#### [Task requirements]
All lines from the one bearing "仪式上,党委书记夏俊宣读优秀" through the end of the data below must be printed exactly as they stand, with pictures removed.

#### [Information provided]
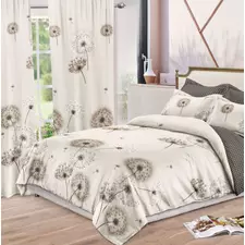 Lenjerie de Pat pentru 2 persoane cu 6 piese confectionata din Bumbac Finet + 2 draperii 150x230cm
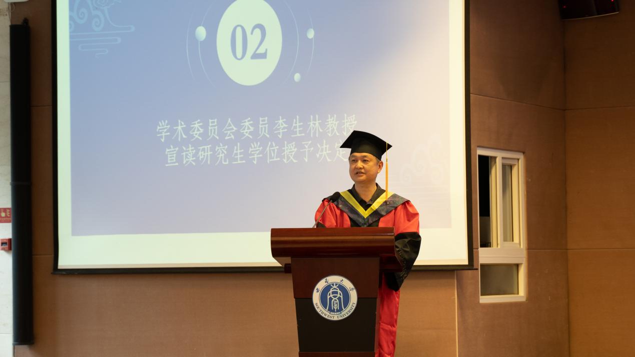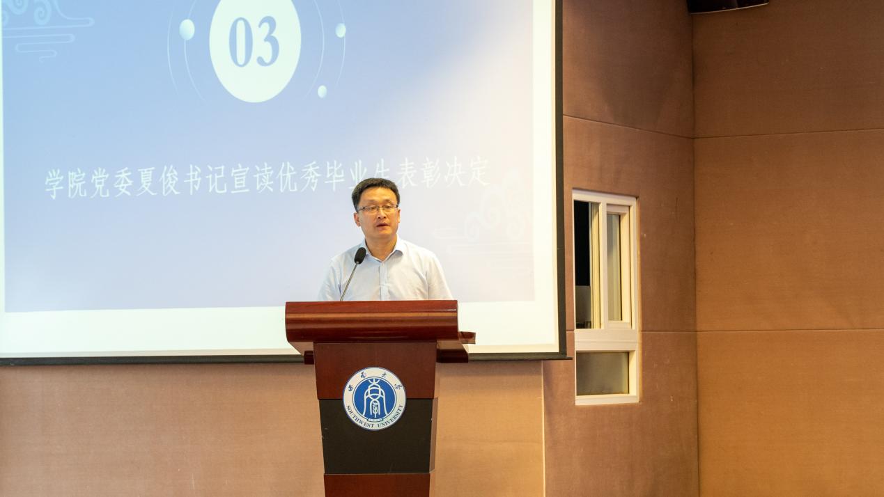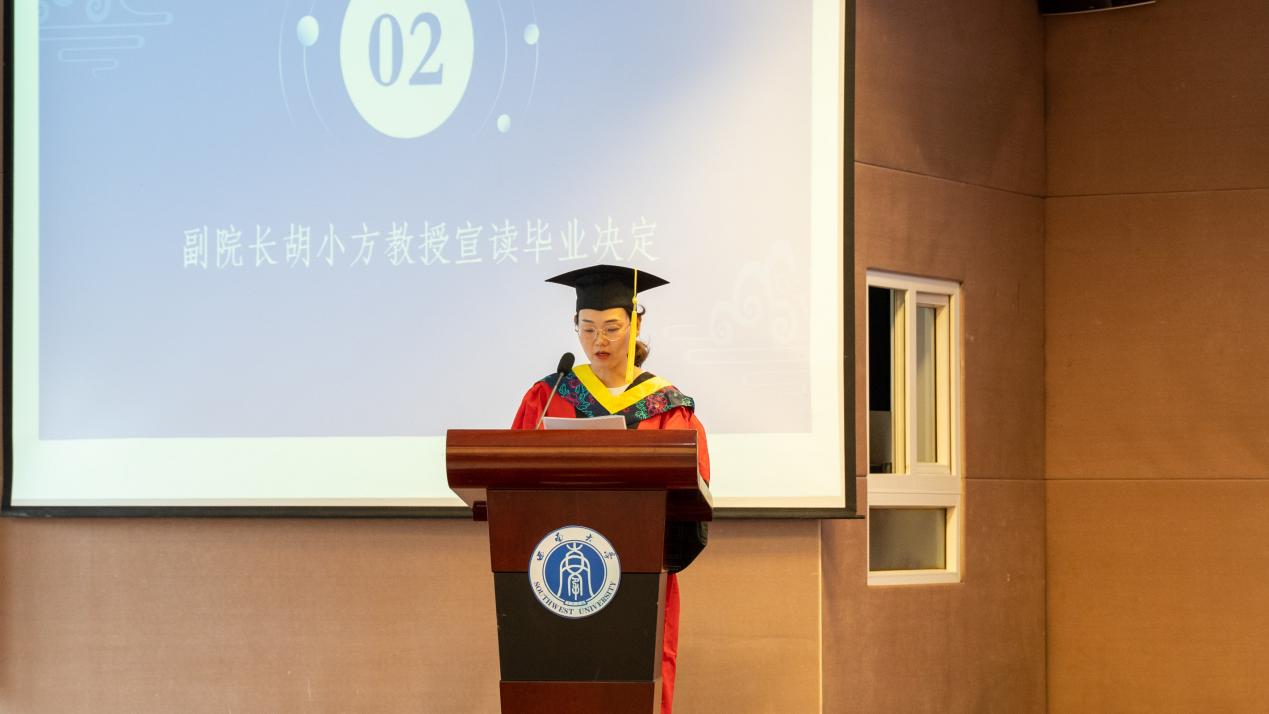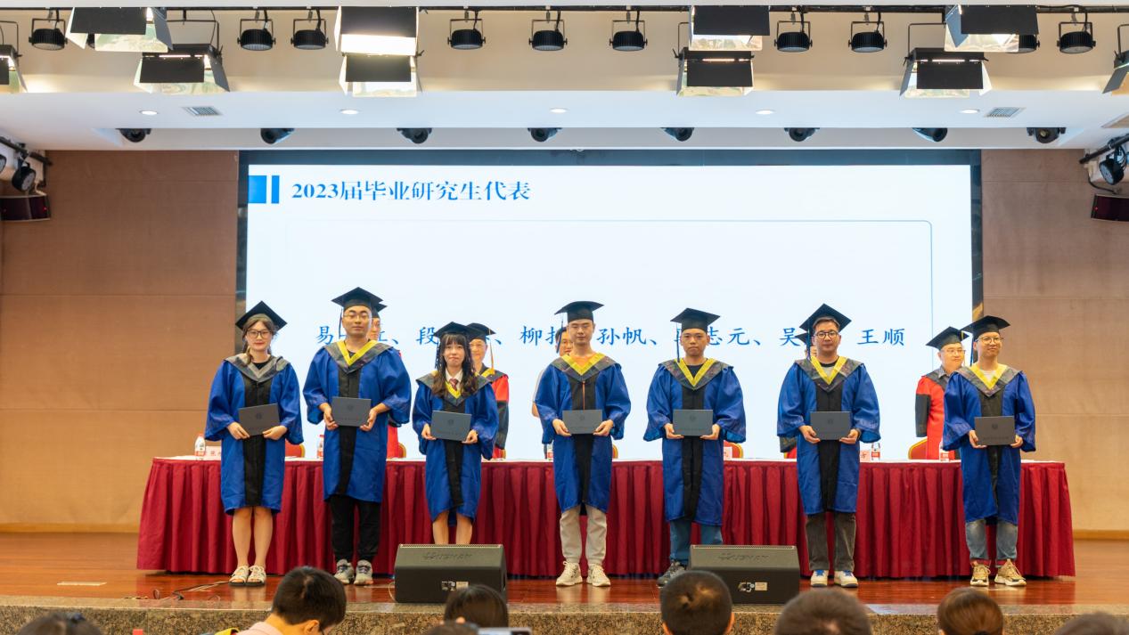 仪式上,党委书记夏俊宣读优秀毕业生表彰决定,副经理胡小方宣读毕业决定,学术委员会委员李生林教授宣读学位授予决定。
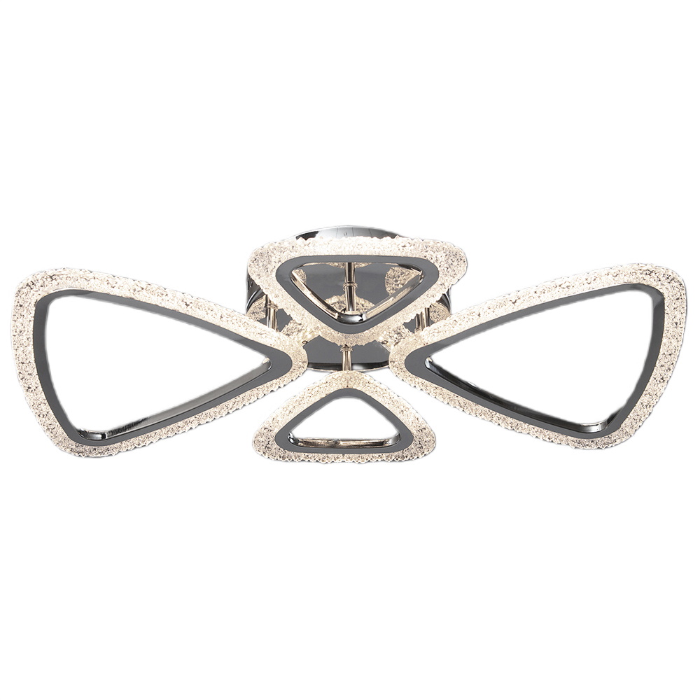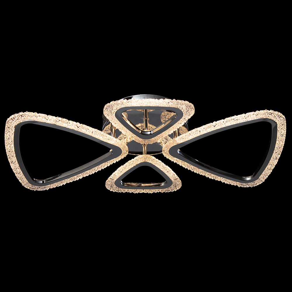 ГАЛЛОП Галактика К008022 - светодиодный светильник бытового предназначения мощностью 70Вт без RGB подсветки, без пульта. В качестве декора выступает рельефный акрил, который преломляет световой поток и за счет этого создается эффект "игры света". За счет маленькой высоты идеально подходит для низких потолков. Светильник состоит из круглого потолочного основания и 4 кронштейнов в виде лепестков геометрической формы разного размера (2 + 2).
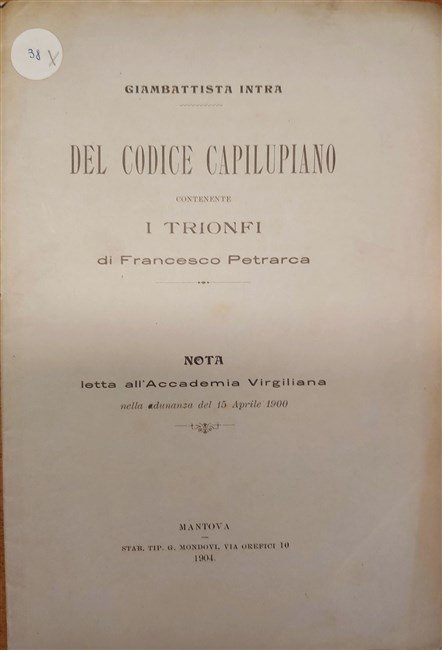 DEL CODICE CAPILUPIANO contenente i Trionfi di Francesco Petrarca. Nota letta all'Accademia Virgiliana nella adunanza del 15 Aprile 1900.

#### [Task output]
 仪式上,党委书记夏俊宣读优秀毕业生表彰决定,副经理胡小方宣读毕业决定,学术委员会委员李生林教授宣读学位授予决定。
 ГАЛЛОП Галактика К008022 - светодиодный светильник бытового предназначения мощностью 70Вт без RGB подсветки, без пульта. В качестве декора выступает рельефный акрил, который преломляет световой поток и за счет этого создается эффект "игры света". За счет маленькой высоты идеально подходит для низких потолков. Светильник состоит из круглого потолочного основания и 4 кронштейнов в виде лепестков геометрической формы разного размера (2 + 2).
 DEL CODICE CAPILUPIANO contenente i Trionfi di Francesco Petrarca. Nota letta all'Accademia Virgiliana nella adunanza del 15 Aprile 1900.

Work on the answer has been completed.